Thank God, because I’d been watching the crowd outside grow steadily for about ten minutes, and I was ready to get the fuck out of this place and take Valen home so she could actually have time to process everything that had happened this afternoon.

“Good.” I shuffled out of the booth, holding my hand out to help her do the same. “Martha, we’re going to head to the jewelry store on the way home.”

“I’ll call them and let them know you’re on the way.” Martha’s smile was all that needed to be said.

It wasn’t tight.

Or anxious.

Or nervous that I was about to make a huge mistake.

But as I took Valen’s hand and headed for the diner’s doors, Martha’s smile actually grew bigger.

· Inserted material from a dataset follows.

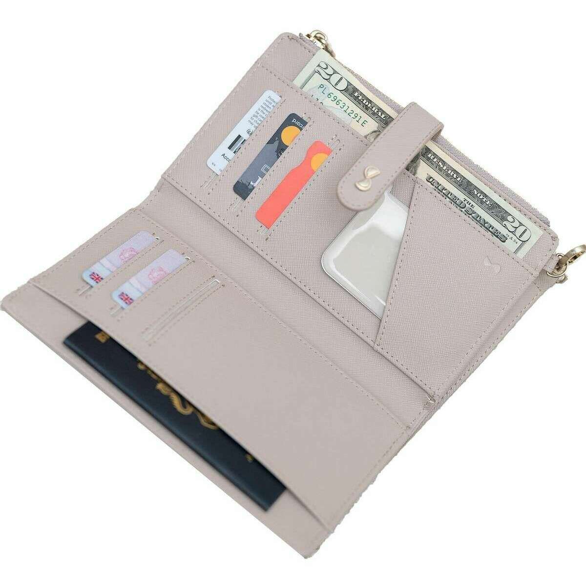 • External Phone Pocket , 6 Card Slots , Cosmetic Mirror , Removable Zipped Coin Pocket , Removable Wrist Strap , Popper Fastening
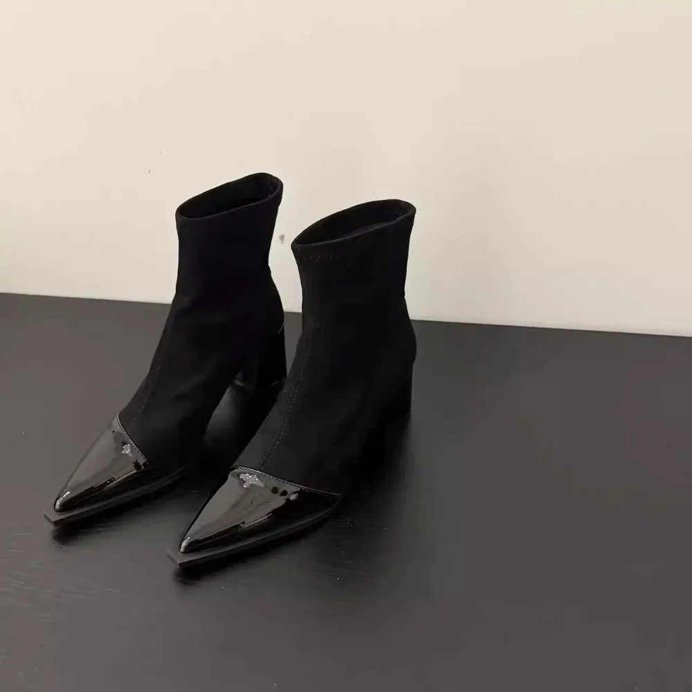 Women's New Autumn Chunky Single Boots Pointed Suede Splicing Anti-slip Wear-resistant Ankle Boots High Heel Short Boots boots_highheel

We paused at the doors, Valen suddenly spotting the handful of paparazzi outside, looking to get the most exclusive images to sell to tomorrow’s gossip magazines. Her fingers tightened around my hand, and she let out a shaky laugh. “You know, you only told me the other day that you didn’t really like lies,” she murmured as Karl met us at the front door and pushed them open.

“I like the way we lie.”

She turned to look up at me, eyebrow cocked. “Why?”

“Because it means I get to do this.”

With my free hand, I curled it around her jaw, the cameras flashing, people shouting as I dipped my head, hovering just a breath away from her lips. She grabbed my wrist, and for a moment, I thought she was going to pull it away, that maybe I’d gone too fucking far.

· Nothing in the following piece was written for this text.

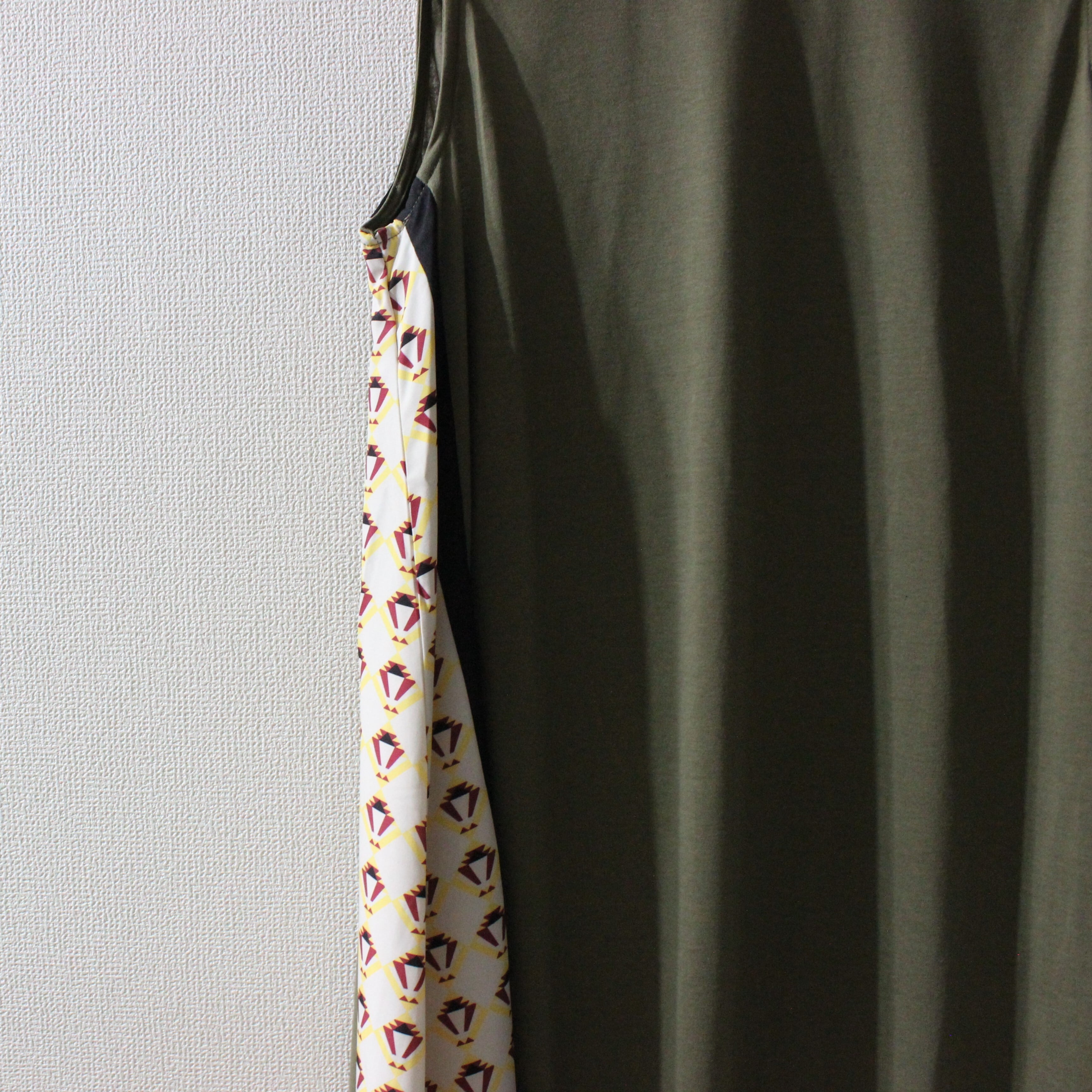 ふんわりAラインのシルエットにサイドの切替がアクセントのワンピース。

But instead, she held it tightly and pushed up on her toes, our mouths colliding in like what felt like a flame meeting a fuse—the explosion of fireworks instant and amazing.

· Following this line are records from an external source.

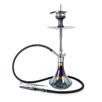 The travel version of the Ukrainian Embery Mono hookah labeled Mini, is the ideal travel buddy. It has the same good performance as its larger cousins and a handy compact size. The smaller size of the Embery Mini does not prevent it from attracting attention to itself with its vibrant neon stem and ingeniously crafted check valve, hidden in the heart of the hookah. Blowing smoke out of the base turns into a spectacular show.
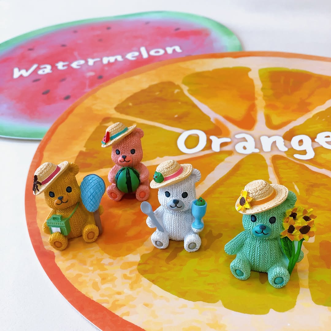今回のアイテムは、フルーツ柄のマットと小さなベアのオブジェという組み合わせ。オレンジやスイカのモチーフが視覚的に涼しさを感じさせ、そこにちょこんと乗るベアがアクセントになります。
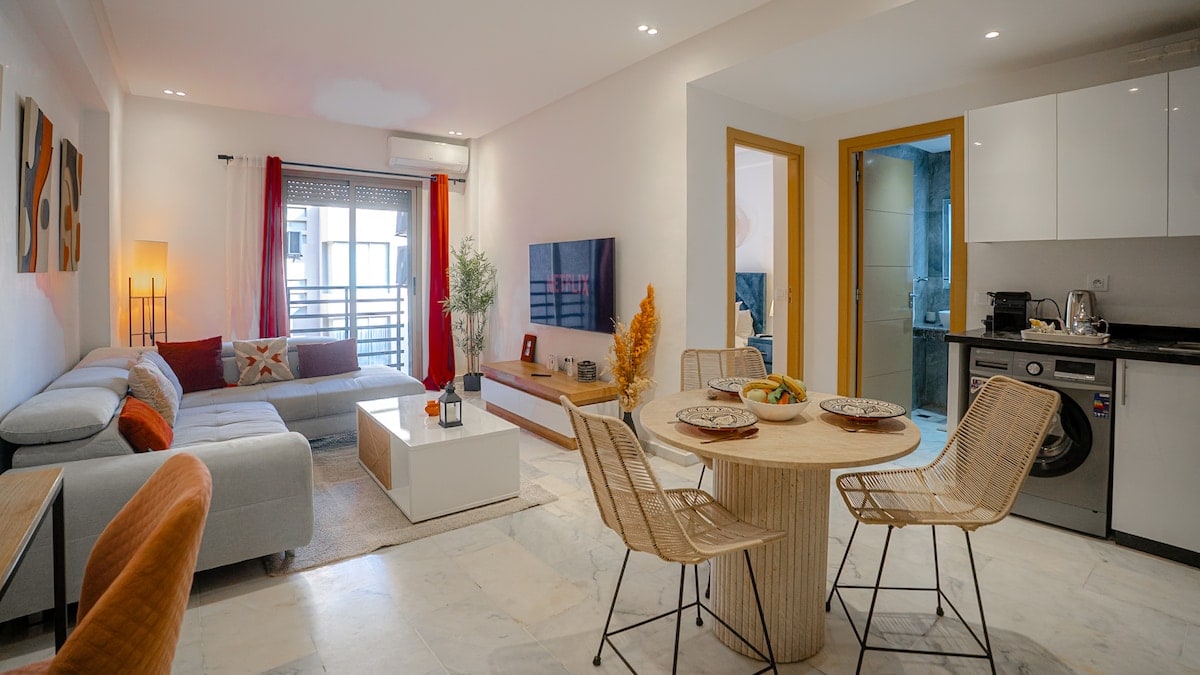 Modern apartment in Guéliz, Marrakech. Queen-size bed with cozy duvet, hangers, and ironing facilities. Italian bathroom with shower, shampoo, conditioner, and hairdryer. Comfortable living room, smart TV, fast 200Mb WiFi, Netflix & Prime. Fully equipped kitchen with coffee machine, free capsules, water, and soft drinks. Located on a quiet street for restful sleep. Private balcony to relax. Jardin Majorelle 20 min, Medina 30min walk, Carré Eden just steps away, restaurants, cafés, and nightlife,

And even as we stood there on the sidewalk outside Dolores’ Diner, I knew I was kidding myself.

I’d made a deal I thought I could handle.

One where I knew and was prepared for there to be an ending to this, which eliminated that fear of loss that usually ate away at me.

But I’d made a mistake.

Because as our lips moved together, and I swallowed the breathy little hums of happiness coming from Valen’s mouth, I suddenly realized the few feelings I already had for my fake wife were pretty fucking real.

And by the time this was all over, they would only grow.

And now, in short.

I was fucked.

Chapter Thirteen

VALEN

“You want some food?” Reed asked as we pulled up outside his house. “There’s a pizza place around the corner that’s pretty good.”

As if summoned by the talk of food, there was a loud grumble. “If you didn’t understand that, it was stomach forplease feed me.”

Reed chuckled, quickly typing on his phone for a few seconds before tucking it away in his pocket and throwing open the car door. I did the same, climbing out of the SUV and onto the curb, waiting while Reed spoke to Karl through his window. Reed’s street was pretty, especially at night. The avenue he lived on was a long, stretched-out O-shape. You drove in one side and out the other, with all the houses on the left. In the center to the right was a community park with trees, benches, and a little playground.

During the day, you couldn’t see them, but at night, the fairy lights hidden within the trees lit up the park, twisted around branches, and looped between trees—the people who lived here had created something special for sure.

I’d lived in Boston most of my life and had never seen another street like this.

Not even when we lived with my mom on the Upper East Side.